- _What you will do_
For the entries below, print exactly the lines between the line holding "蒸好了,形状倒下去了,因为在" and the line holding "Adjuntamos bando de alcaldía.", inclusive, and nothing else.

- _Data for this exercise_
/---
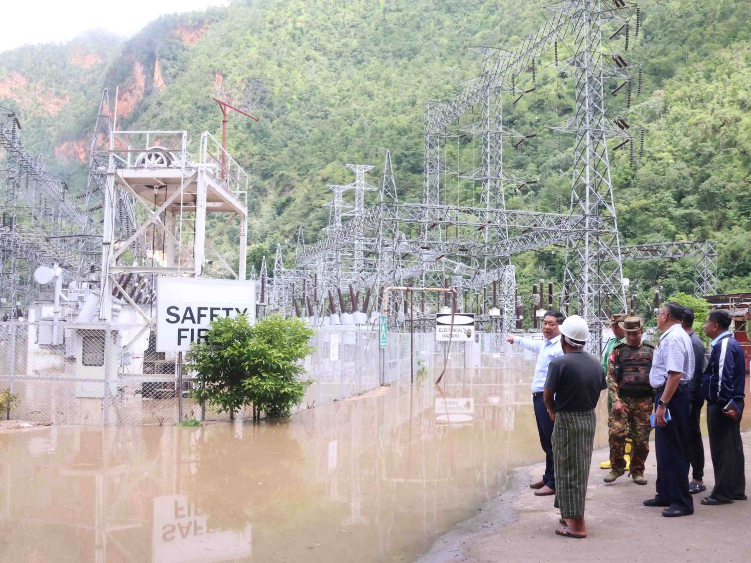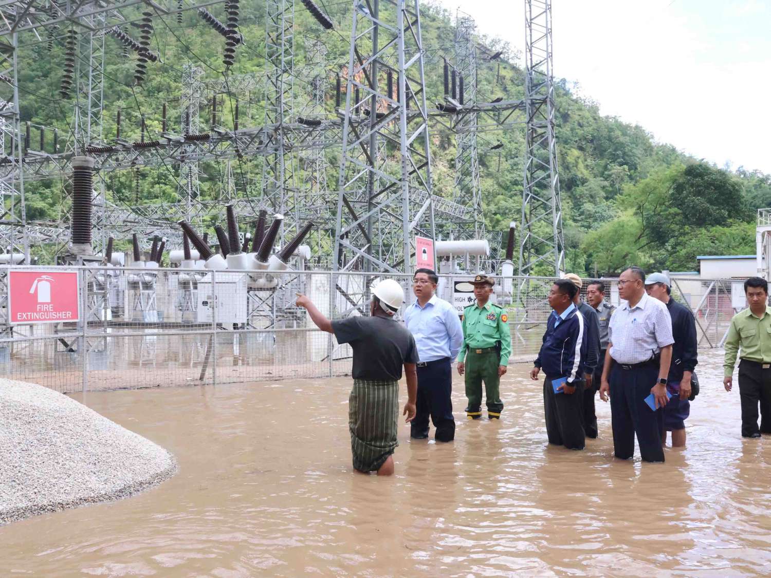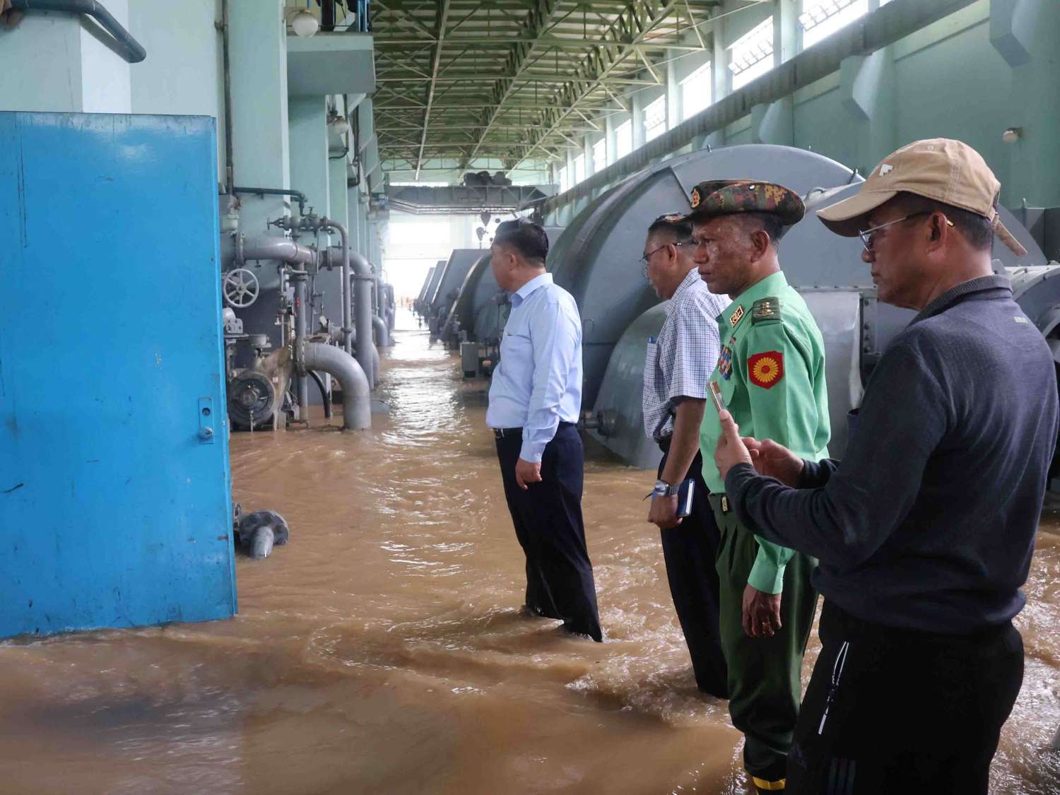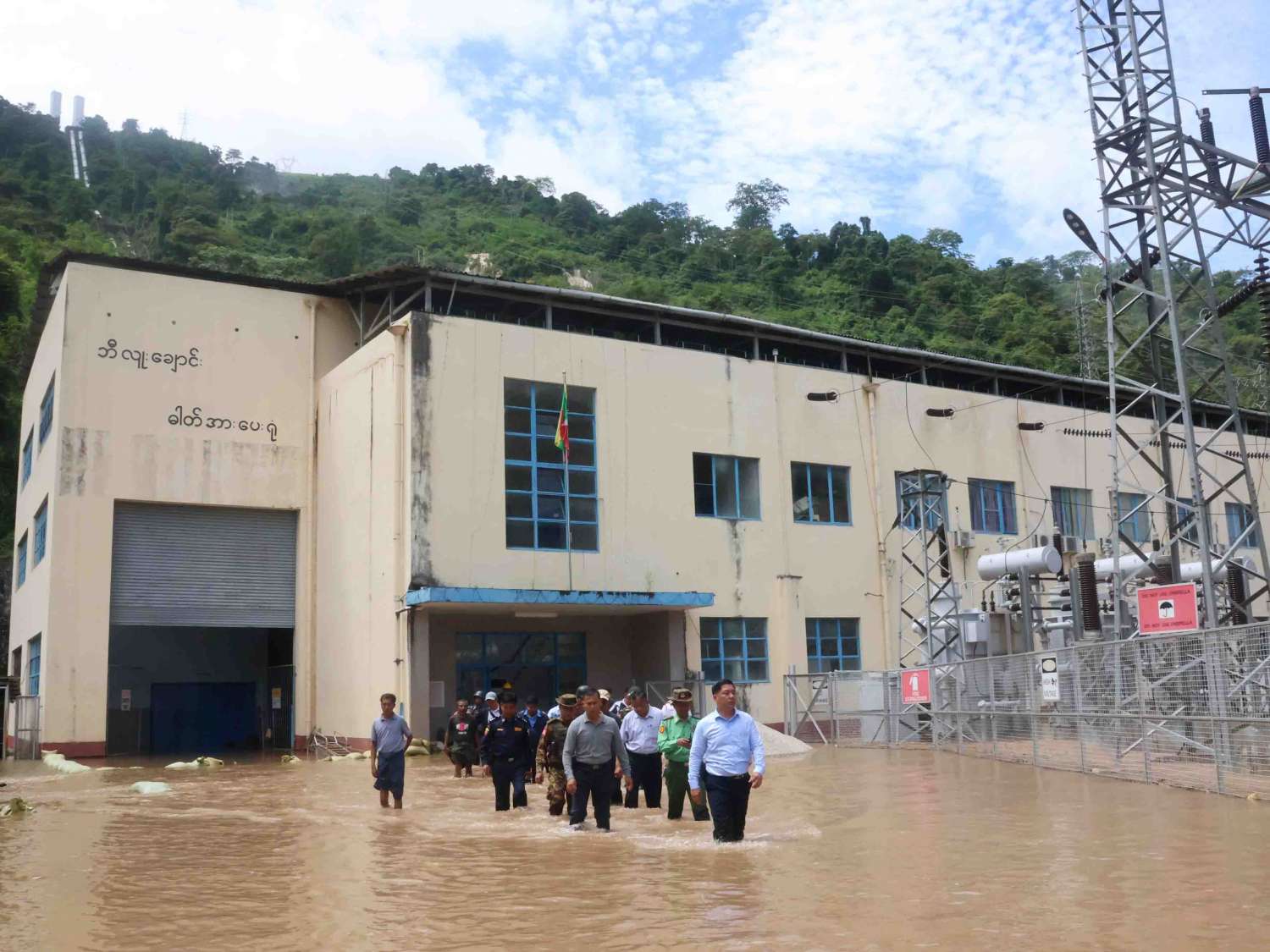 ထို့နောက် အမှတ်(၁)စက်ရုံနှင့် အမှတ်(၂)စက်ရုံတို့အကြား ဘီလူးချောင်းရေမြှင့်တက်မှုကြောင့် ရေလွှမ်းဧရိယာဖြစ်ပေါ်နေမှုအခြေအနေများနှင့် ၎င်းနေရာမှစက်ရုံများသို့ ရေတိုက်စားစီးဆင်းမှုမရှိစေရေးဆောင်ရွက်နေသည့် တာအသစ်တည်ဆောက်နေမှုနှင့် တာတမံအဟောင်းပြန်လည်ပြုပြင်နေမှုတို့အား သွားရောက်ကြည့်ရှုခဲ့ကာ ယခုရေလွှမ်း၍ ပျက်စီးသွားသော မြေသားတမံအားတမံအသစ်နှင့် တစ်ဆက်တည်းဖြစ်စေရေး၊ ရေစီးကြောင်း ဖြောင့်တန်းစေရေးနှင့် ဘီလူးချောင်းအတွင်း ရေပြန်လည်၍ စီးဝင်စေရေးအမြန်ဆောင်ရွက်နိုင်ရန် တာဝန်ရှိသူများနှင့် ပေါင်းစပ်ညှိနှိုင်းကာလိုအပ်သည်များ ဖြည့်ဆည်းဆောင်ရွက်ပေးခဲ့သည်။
\---
/---
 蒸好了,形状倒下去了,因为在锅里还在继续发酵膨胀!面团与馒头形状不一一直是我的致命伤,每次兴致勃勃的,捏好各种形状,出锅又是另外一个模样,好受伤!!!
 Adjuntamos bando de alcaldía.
\---
- _Completed task_
 蒸好了,形状倒下去了,因为在锅里还在继续发酵膨胀!面团与馒头形状不一一直是我的致命伤,每次兴致勃勃的,捏好各种形状,出锅又是另外一个模样,好受伤!!!
 Adjuntamos bando de alcaldía.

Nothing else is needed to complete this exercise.